1 ...8 9 10 12 13 14 ...28 Die jüdische Seite Jesu wurde zwar nicht getilgt, aber doch hintangestellt. Bis auf wenige Stellen wurde in den Evangelien ignoriert, dass er sich nur für das Volk Israel zuständig fühlte. Eine Gegnerschaft zu den Römern durfte nicht mehr zum Vorschein kommen. So entstand zum Beispiel die Geschichte im Matthäusevangelium, in der er den Knecht (Sklaven) des römischen Hauptmannes heilt. 20Hier wurden zwei Fliegen mit einer Klappe geschlagen.
Einmal wurde Jesus als Freund der Römer hingestellt; zum anderen waren viele Sklaven Anhänger der neuen Bewegung. Diesen wurde verdeutlicht, dass die Zuwendung Jesu auch ihnen galt.
Die Juden werden dagegen, vor allem bei Matthäus, sehr nachteilig geschildert wie zum Beispiel mit diesem unseligen Satz: Und alles Volk antwortete und sprach: „Sein Blut komme über uns und über unsere Kinder!“ 21
Wie können wir nun aus diesem Durcheinander von Darstellungen glaubhafter und unwahrscheinlicher Ereignisse, verschiedener Meinungen, antiker Mythen, Irrtümern, betrügerischer Schriften, Einfügungen und vorgetäuschter Autorenschaften die historische Gestalt Jesu und die Motive seines Handelns rekonstruieren?
Die Exegese benutzt für ihre Forschung fast ausschließlich die schriftlichen Überlieferungen der damaligen Zeit sowie auch archäologische Entdeckungen und zieht daraus ihre Schlüsse vor dem Hintergrund unseres heutigen, materialistischen, entmythologisierten Weltbildes.
Kann auf diese Weise die Persönlichkeit Jesu erklären?
Wenn es die übernatürlichen Ereignisse im Leben Jesu nicht gegeben hätte, wäre er dann nicht nur ein gescheiterter Weltverbesserer gewesen, wie ihn viele Exegeten sehen?
Ich denke, für die Erfassung der Person Jesu ist es unerlässlich, zu klären, ob die ihm zugeschriebenen Wundertaten, die Auferstehung, die Jungfrauengeburt grundsätzlich möglich und wahrscheinlich sind und was es mit der Gottessohnschaft auf sich hat.

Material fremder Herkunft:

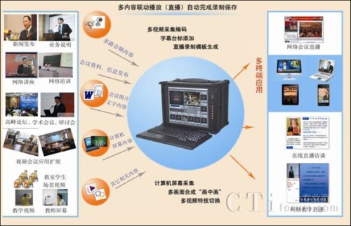 相比傳統(tǒng)的直播錄播系統(tǒng),經(jīng)緯中天支持多終端應(yīng)用的富媒體直播錄播系統(tǒng)突出了以用戶為中心,除了簡單的視頻直播,更加豐富地融合了多內(nèi)容媒體直播錄播功能,例如信息發(fā)布、圖文直播、互動交流、圖片報道等,同時以全FLASH富媒體模板形式全方位展示現(xiàn)場信息,更主要的是支持多終端應(yīng)用,不僅僅是傳統(tǒng)的PC、電視機(jī),還可通過IPAD等多種平板電腦實現(xiàn)應(yīng)用,充分滿足了用戶的需求,極大地擴(kuò)展了網(wǎng)絡(luò)視頻應(yīng)用范圍。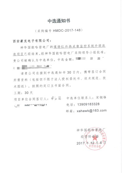 半年来通过和神华国能哈密电厂的技术的详细对接,和去现场进行实际勘察 再到后续的方案撰写、评估、方案确定、招投标现在终于尘埃落定,我们豪克火情预警系统HK-HSD中选!

Viele werden nun sagen: „Ich brauche das nicht, da ich glaube, was meine Kirche lehrt!" Aber die meisten Menschen geben sich mit einem solch blinden Glauben nicht mehr zufrieden.
Wir müssen also versuchen, möglichst viele nachprüfbare oder glaubhafte Fakten, auch aus jüngerer Zeit, hinzuzuziehen.
Dabei geht es nicht darum, ob die Schriften nun insgesamt mythisch oder historisch sind. Vielmehr ist jede Situation für sich zu beurteilen, da historische Wahrheit und Mythos miteinander vermengt sind.
Exegeten haben vor allen Dingen mit Wundern Jesu ihre Probleme. Atheistisch angehauchte wie zum Beispiel Augstein, schütteln über die in den Evangelien enthaltenen übernatürlichen Ereignisse nur verwundert den Kopf.
Ich werde also, zur Prüfung der Historizität verschiedener in den Evangelien geschilderter Ereignisse, nachprüfbare oder glaubhafte Parallelen aus dem Leben geistiger Meister aus anderen Zeitaltern und anderen Kulturen anführen, die die Möglichkeit von Taten oder Aussagen Jesu belegen oder widerlegen. Ich denke, nur so können wir diesen ewigen Kreislauf von einander widersprechender Lehrmeinungen der Exegeten durchbrechen und zu mehr Klarheit gelangen.
Ich kann hier aber auch nur Möglichkeiten und Wahrscheinlichkeiten aufzeigen. Endgültige Sicherheit können wir auch von dieser Methode nicht erwarten, da zu vieles unter dem Schutt der Jahrhunderte begraben liegt.
In diesem Zusammenhang darf ich auf mein Buch: Quantenphysik und die Frage nach Gott,, hinweisen, in dem ich unter anderem die Gesetzmäßigkeit des Wunders dargelegt habe.
Geschichte des Judentums
Die Lehren Jesu wurzelten in den religiösen Anschauungen und den historischen Erfahrungen des Judentums. Bevor wir uns daher seiner Person zuwenden, ist es unerlässlich, die Geschichte seines Volkes näher zu betrachten. Nur in diesem Kontext können wir ihn verstehen. Zumal es ein außergewöhnlich eigenwilliges Volk ist, wie aus folgenden Texten zu ersehen ist.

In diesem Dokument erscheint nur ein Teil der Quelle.